The advances he has described could have a major impact on healthcare. Implementing them will improve detection of subtle changes in both structure and function in the brain, and this in turn will benefit a range of applications: from basic science applications such as those encompassed by the Human Connectome Project to diagnosis, prognosis and treatment of central nervous system (CNS) disorders including multiple sclerosis and epilepsy.

Setsompop’s work in this area dates back to his graduate school days at MIT, when he set out to tackle a problem associated with ultrahigh-field MRI. A relatively new advance at the time, ultrahigh-field MRI suffered from an inherent limitation: the higher field strengths used with the technology led to inhomogeneity in the magnetic field, and this produced artifacts in the image.

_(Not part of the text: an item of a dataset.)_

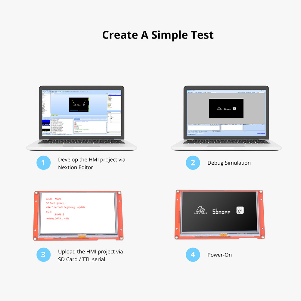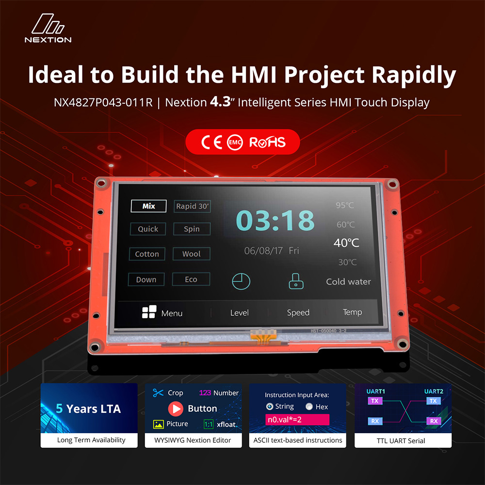 Nextion Editor is a free human-machine interface (HMI) GUI development software for Nextion Basic Series, Enhanced Series, and Intelligent Series. The software offers an easy way to create an intuitive and superb touch user interface even for beginners. Add a static picture as a background, define functions by components, you can make a simple GUI in minutes. The easy Drag-and-Drop components and simple ASCII text-based instructions will dramatically reduce your HMI project development workloads and develop projects rapidly in a cost-effective way. The Nextion product is the best balance HMI solution between cost and benefit with a low and decreased learning curve.
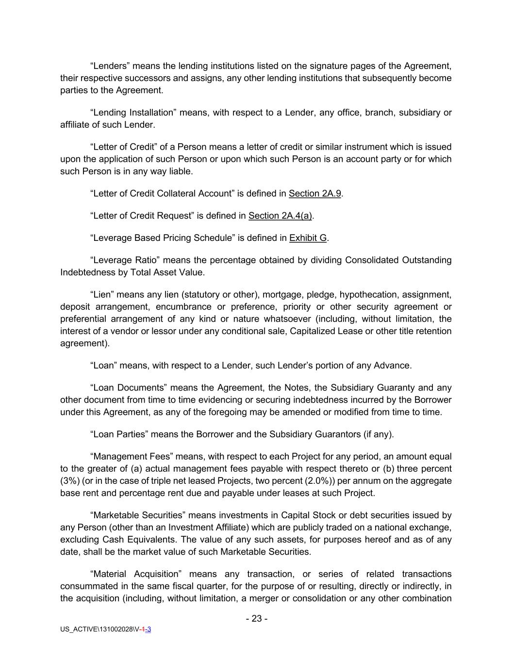 - 23 - US_ACTIVE\131002028\V-1-3 “Lenders” means the lending institutions listed on the signature pages of the Agreement, their respective successors and assigns, any other lending institutions that subsequently become parties to the Agreement. “Lending Installation” means, with respect to a Lender, any office, branch, subsidiary or affiliate of such Lender. “Letter of Credit” of a Person means a letter of credit or similar instrument which is issued upon the application of such Person or upon which such Person is an account party or for which such Person is in any way liable. “Letter of Credit Collateral Account” is defined in Section 2A.9. “Letter of Credit Request” is defined in Section 2A.4(a). “Leverage Based Pricing Schedule” is defined in Exhibit G. “Leverage Ratio” means the percentage obtained by dividing Consolidated Outstanding Indebtedness by Total Asset Value. “Lien” means any lien (statutory or other), mortgage, pledge, hypothecation, assignment, deposit arrangement, encumbrance or preference, priority or other security agreement or preferential arrangement of any kind or nature whatsoever (including, without limitation, the interest of a vendor or lessor under any conditional sale, Capitalized Lease or other title retention agreement). “Loan” means, with respect to a Lender, such Lender’s portion of any Advance. “Loan Documents” means the Agreement, the Notes, the Subsidiary Guaranty and any other document from time to time evidencing or securing indebtedness incurred by the Borrower under this Agreement, as any of the foregoing may be amended or modified from time to time. “Loan Parties” means the Borrower and the Subsidiary Guarantors (if any). “Management Fees” means, with respect to each Project for any period, an amount equal to the greater of (a) actual management fees payable with respect thereto or (b) three percent (3%) (or in the case of triple net leased Projects, two percent (2.0%)) per annum on the aggregate base rent and percentage rent due and payable under leases at such Project. “Marketable Securities” means investments in Capital Stock or debt securities issued by any Person (other than an Investment Affiliate) which are publicly traded on a national exchange, excluding Cash Equivalents. The value of any such assets, for purposes hereof and as of any date, shall be the market value of such Marketable Securities. “Material Acquisition” means any transaction, or series of related transactions consummated in the same fiscal quarter, for the purpose of or resulting, directly or indirectly, in the acquisition (including, without limitation, a merger or consolidation or any other combination

Hoping to address this—and thus to improve the overall efficacy of the approach—Setsompop and colleagues, including Elfar Adalsteinsson, his PhD advisor at MIT, started developing strategies that could mitigate these effects.

He continued his efforts after joining the Martinos Center as a postdoctoral fellow working with Larry Wald. In 2011, he and colleagues in the Center introduced the first of his strategies to speed up MRI scans: blipped-CAIPI Simultaneous MultiSlice (SMS) imaging. This technique allows investigators to acquire up to ten planes, or “slices,” of brain images at a time—instead of just one— enabling much faster snapshots of brain physiology.

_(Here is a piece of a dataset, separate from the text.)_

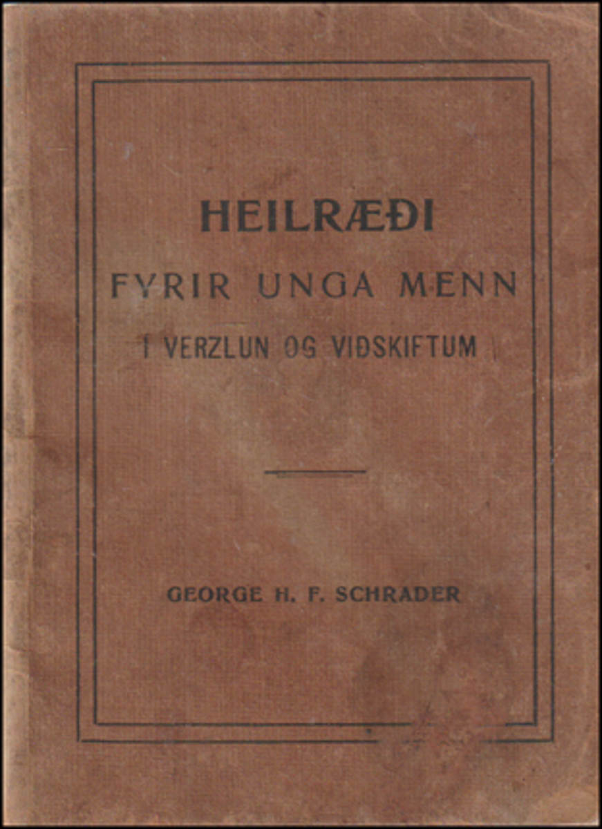 Heilræði fyrir unga menn í verzlun og viðskiftum eftir George H.F. Schrader. Þýtt hefur Steingrímur Matthíasson. George H. F. Schrader var þýskættaður maður sem eyddi hér síðustu þremur árum ævi sinnar áður en hann fyrirfór sér árið 1915, aðeins 57 ára gamall. Schrader bjó á Akureyri og sinnti margvíslegu menningar- og uppbyggingarstarfi. - Verslun og viðskipti. - Akureyri, 1913. cm

Three years later, Setsompop and his team at the Center introduced Wave-CAIPI SMS, which provides an order of magnitude improvement in data acquisition efficiency for a variety of clinically important MRI scans. This technique enables clinicians to speed up current MRI clinical exams—ultimately leading to reductions in healthcare costs—or to obtain much more detailed scans in the same time it would take to complete a conventional clinical exam, either at 7T or the more conventional 3T.